Data records:
————————
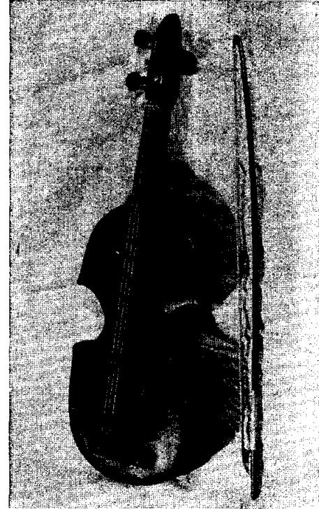
Un modelo intermedio de rabel chileno, procedente de Colchagua.
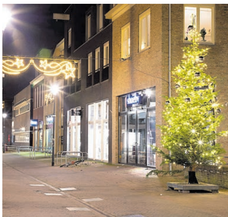
Kerstboom in het Centrum.
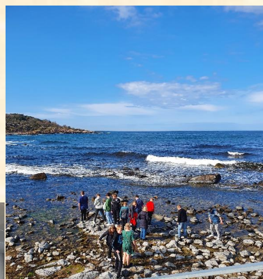
Vejret var med os de fleste dage
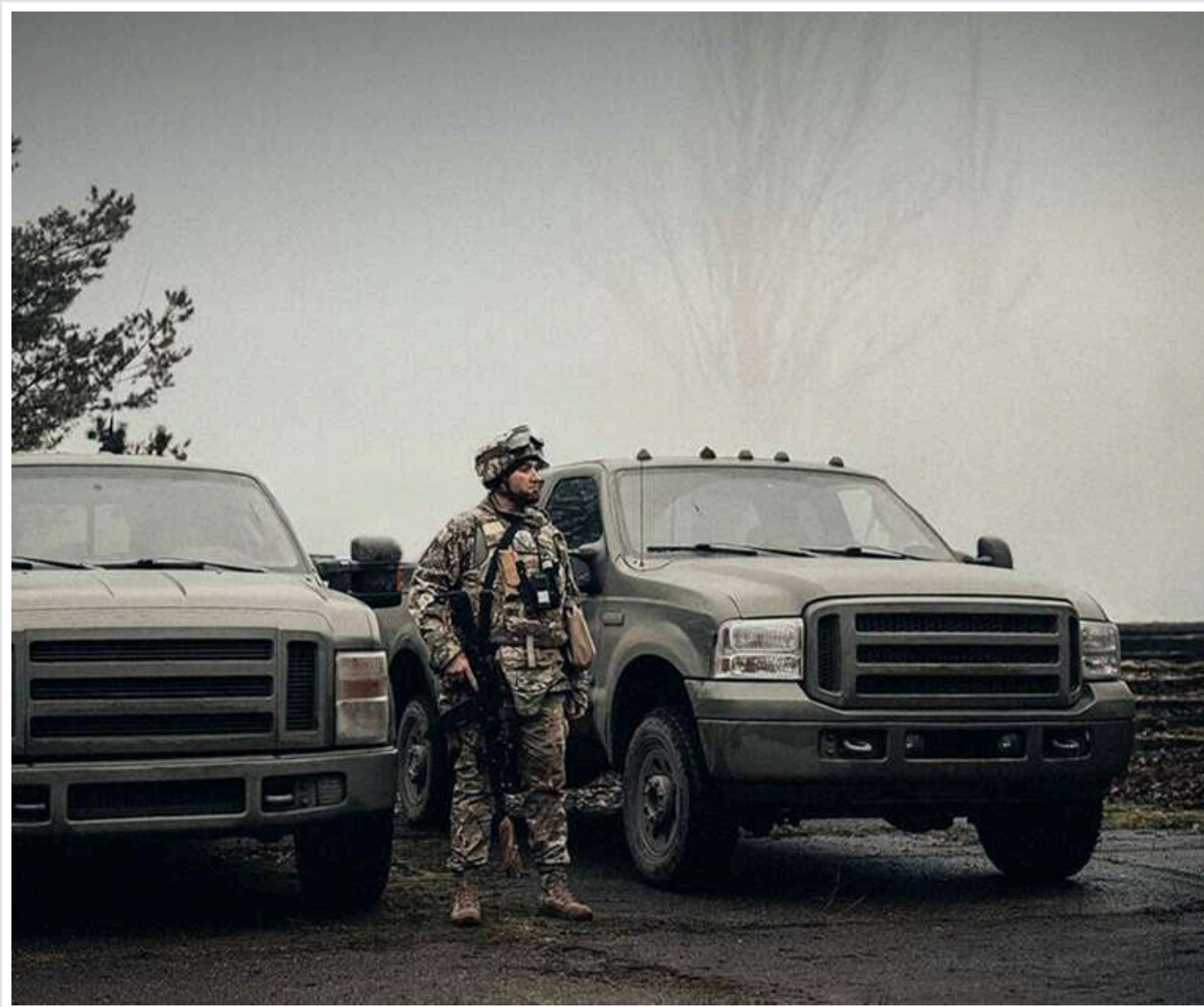
Тяємні мільярди на пікапи: Агенція оборонних закупівель проведе закриті торги на 6 мільярдів гривень із сумнівними фірмами

ДП МОУ «Агенція оборонних закупівель» 18 травня оголосило два тендери на закупівлю пікапів загальною очікуваною вартістю 6,01 млрд грн.
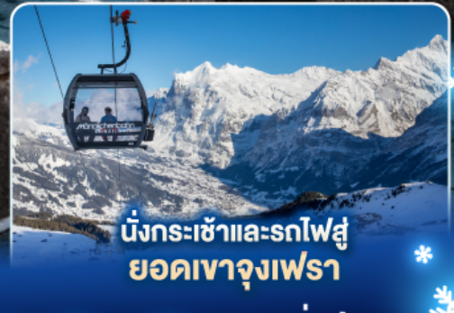
นั่งกระเช้าและรถไฟสู่ ยอดเขาจุงเฟรา
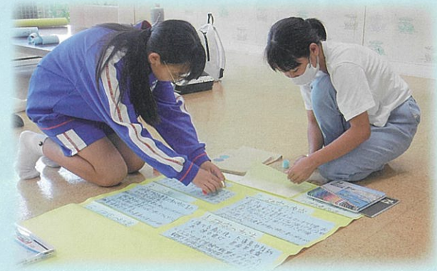
児童室での学習風景
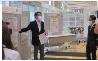
がん患者の感じるコロナウイルスへの不安について(展示説明)
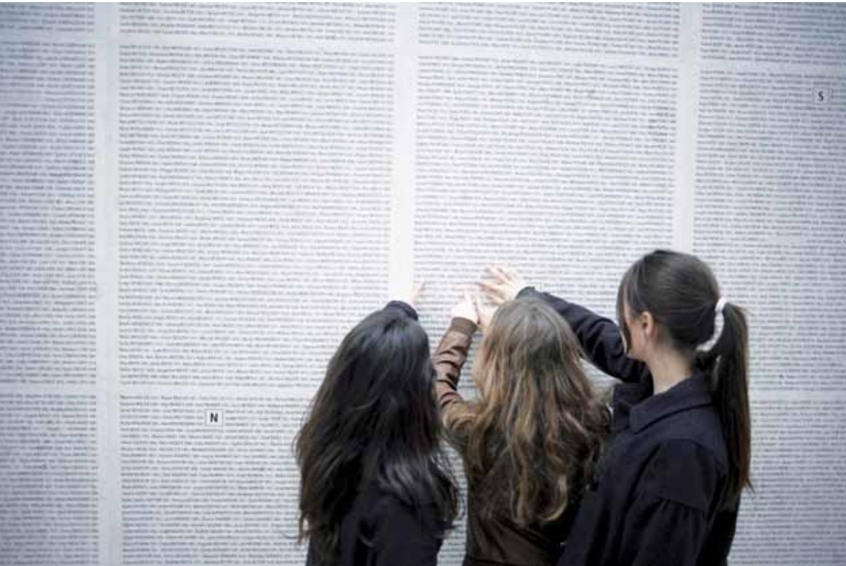
FRANCE, Paris : Le 11 avril 2010, trois adolescentes lisent le Mur des noms qui porte, gravés dans la pierre, les noms, prénoms et dates de naissance des 76.000 juifs déportés de France entre 1942 et 1944. Le Mémorial de la Shoah, près de soixante ans après la fin de la seconde guerre mondiale, est né d'une volonté commune du Mémorial du martyr juif inconnu et du Centre de documentation juive contemporaine (CDJC), déjà installés sur le site, de s'ouvrir à un plus large public sur 5.000 m².
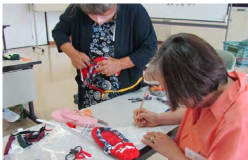
リサイクル関連講座
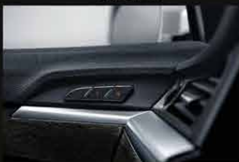
ФУНКЦИЯ ПАМЯТИ НАСТРОЕК ВОДИТЕЛЬСКОГО СИДЕНЬЯ, НАРУЖНЫХ ЗЕРКАЛ И РУЛЕВОЙ КОЛОНКИ
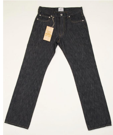
写真 1 ヒノキジーンズ
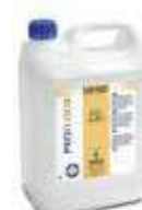
MULTIUSOS BIOALCOHOL MIX P41

REF:9147 Formato:5L Marca: PRODER UD/CAJA:3
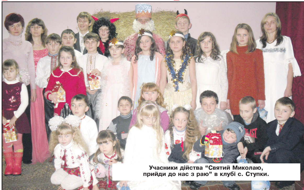
Учасники дійства "Святий Миколаю, прийди до нас з раю" в клубі с. Ступки.

Великою радісною несподіванкою для всіх ступківчан, а особливо для дітей, була гарна пухнаста ялинка, яка на день святого Миколая зазяла різнобарвними вогнями. Цю
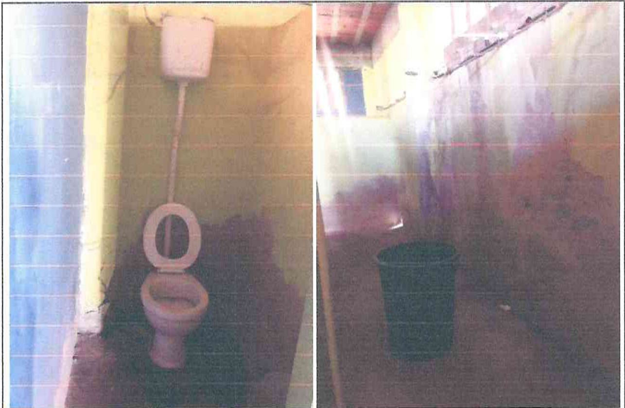
Figura 04- Aparelho sanitário e chuveiros existentes em banheiros no Estádio Pedro Eymard no município de Morada Nova/CE

A Figura 04, exibe uma área que passará por readequação estrutural e substituição das loças existentes.
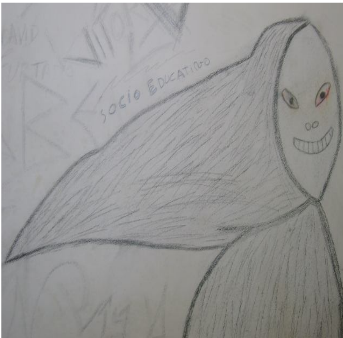
Legenda: Ilustrações feitas pelos adolescentes nas paredes do alojamento associando a figura da morte ao sistema Sócio-Educativo.
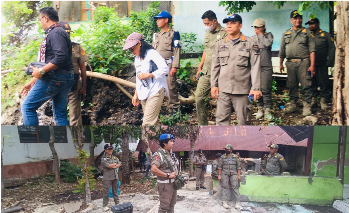
Foto kegiatan Pengamanan pembongkaran Mess Pegawai RSUD Prof. Dr. WZ. Johannes Provinsi NTT
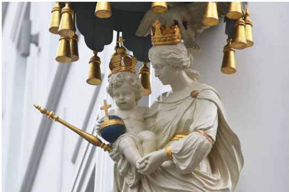
Boven: Madonna Leeuwenstraat, Reyndersstraat 26-28. Onder: Madonna Bogaardestraat, Schoytestraat 40, met bijgewerkte console
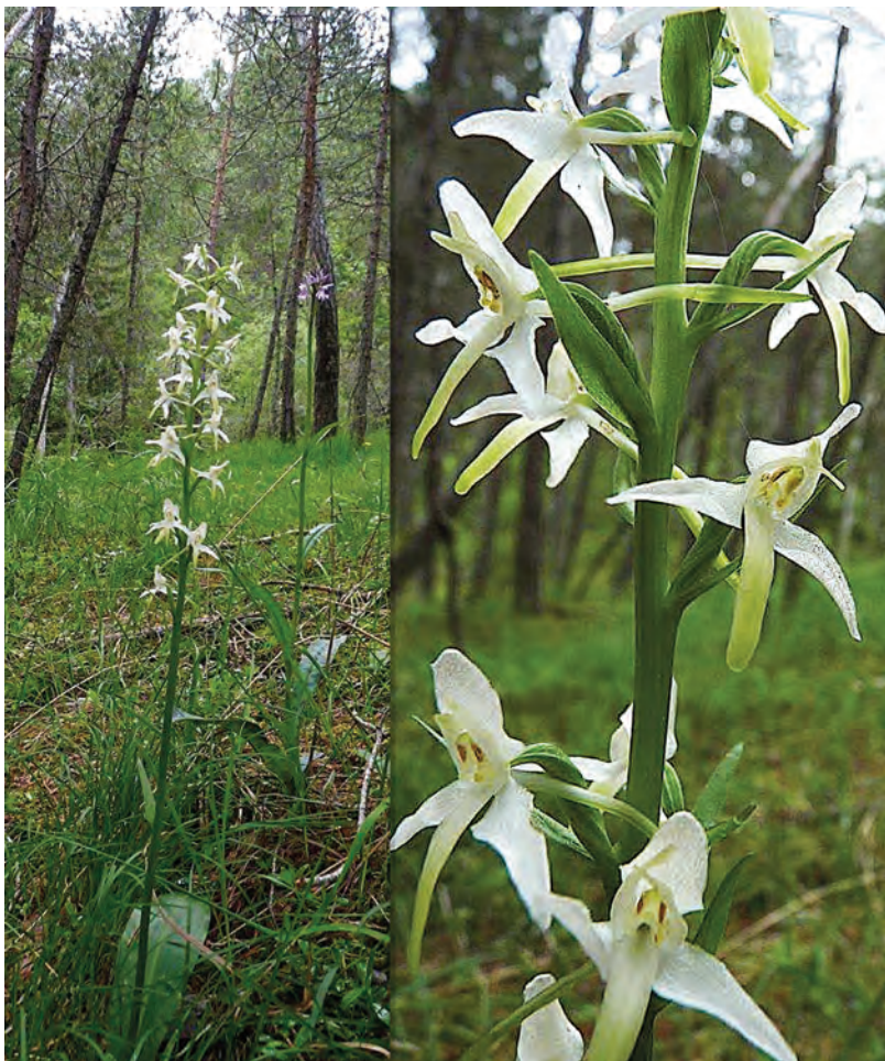
Fig. 7. – Platanthera cf. muelleri . France, Hautes-Alpes, Châteauroux-des-Alpes, Sainte-Croix, 2 juin 2012.

Deux autres sites, proches du premier, portant des populations similaires, ont été notés à Eternoz et à Vuillafans. Il s'agit chaque fois de pelouses calcicoles thermophiles sur des pentes marneuses, par places suintantes, où viennent également d'autres orchidées. À Eternoz et à Malans fleurissent une trentaine de platanthères, à
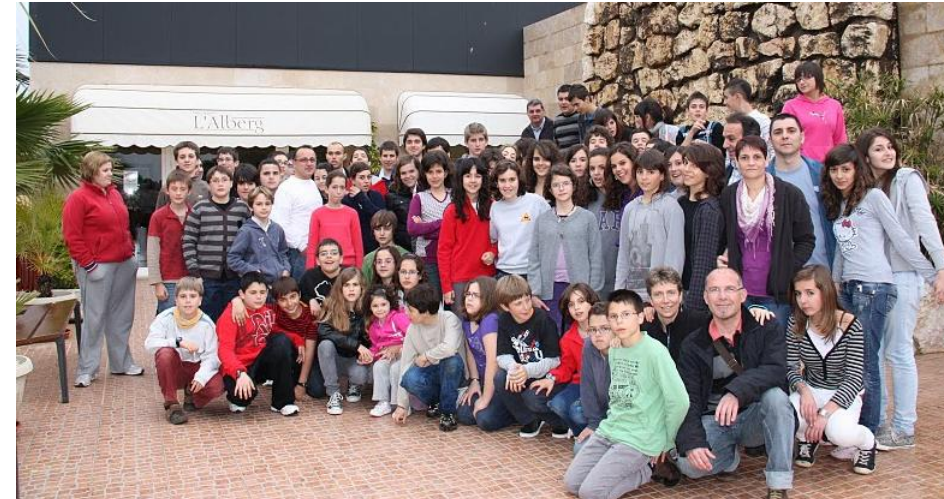
Foto de família
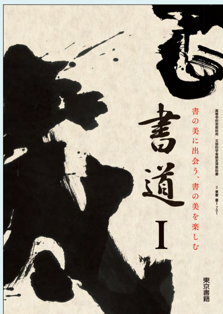
2 東書 書I 701

このたびは弊社教科書をご採用いただき、ありがとうございました。より効果的にご指導いただけますように教師用指導資料をご用意いたしました。ご検討のほど、よろしくお願い申し上げます。
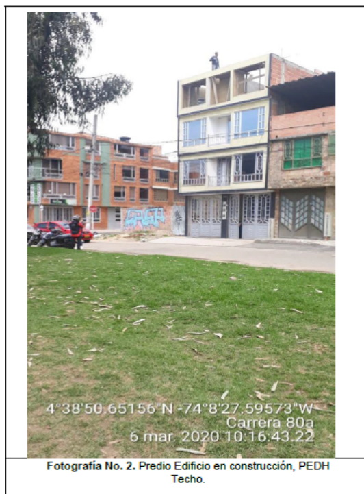
Fotografía No. 2. Predio Edificio en construcción, PEDH Techo.
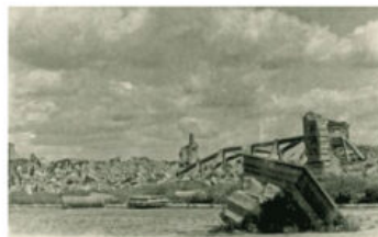
Plac Zamkowy, 1945 r. Castle Square, 1945
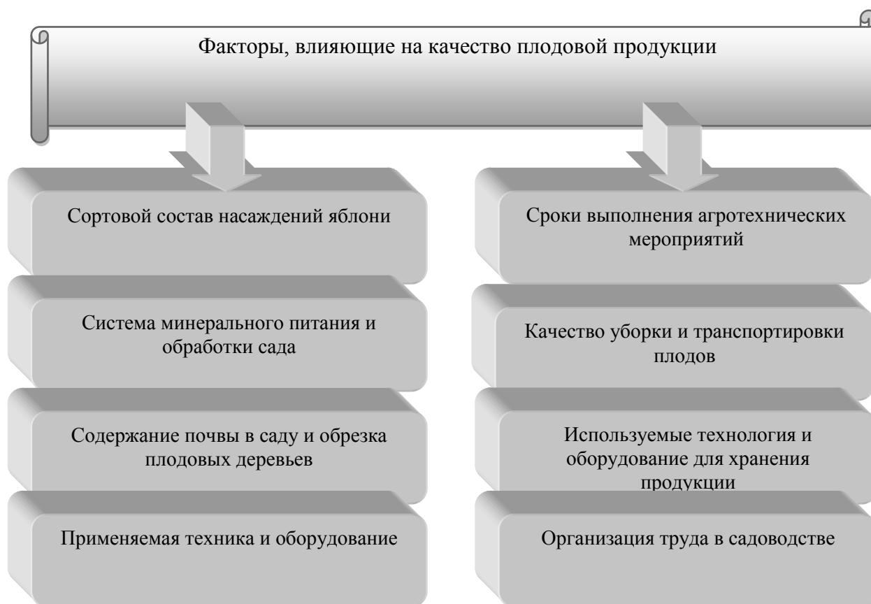
Рисунок 4 - Факторы, влияющие на качество плодовой продукции

Предложенные мероприятия будут способствовать увеличению объемов реализации продукции и прибыли сельскохозяйственной организации, росту рентабельности продаж.
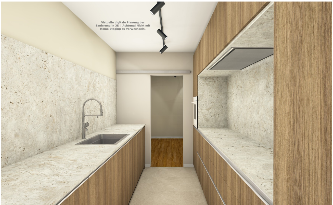
Küche mit viel Stauraum Visu
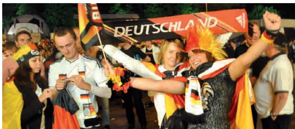
Niemieccy kibice mieli powody do zadowolenia...

Od rozpoczęcia turnieju z punktów Informacji Turystycznej w Gdańsku skorzystało już 25 tysięcy osób (to dwukrotnie więcej, niż odwiedziło punkty
————————
### EXERCISE INSTRUCTIONS
Each line above that falls between the line with "FRANCE, Paris : Le" and the line with "Великою радісною несподіванкою" should be printed exactly, together with those two lines, but the pictures should not.

### RESULT OF THE EXERCISE
FRANCE, Paris : Le 11 avril 2010, trois adolescentes lisent le Mur des noms qui porte, gravés dans la pierre, les noms, prénoms et dates de naissance des 76.000 juifs déportés de France entre 1942 et 1944. Le Mémorial de la Shoah, près de soixante ans après la fin de la seconde guerre mondiale, est né d'une volonté commune du Mémorial du martyr juif inconnu et du Centre de documentation juive contemporaine (CDJC), déjà installés sur le site, de s'ouvrir à un plus large public sur 5.000 m².
リサイクル関連講座
ФУНКЦИЯ ПАМЯТИ НАСТРОЕК ВОДИТЕЛЬСКОГО СИДЕНЬЯ, НАРУЖНЫХ ЗЕРКАЛ И РУЛЕВОЙ КОЛОНКИ
写真 1 ヒノキジーンズ
MULTIUSOS BIOALCOHOL MIX P41

REF:9147 Formato:5L Marca: PRODER UD/CAJA:3
Учасники дійства "Святий Миколаю, прийди до нас з раю" в клубі с. Ступки.

Великою радісною несподіванкою для всіх ступківчан, а особливо для дітей, була гарна пухнаста ялинка, яка на день святого Миколая зазяла різнобарвними вогнями. Цю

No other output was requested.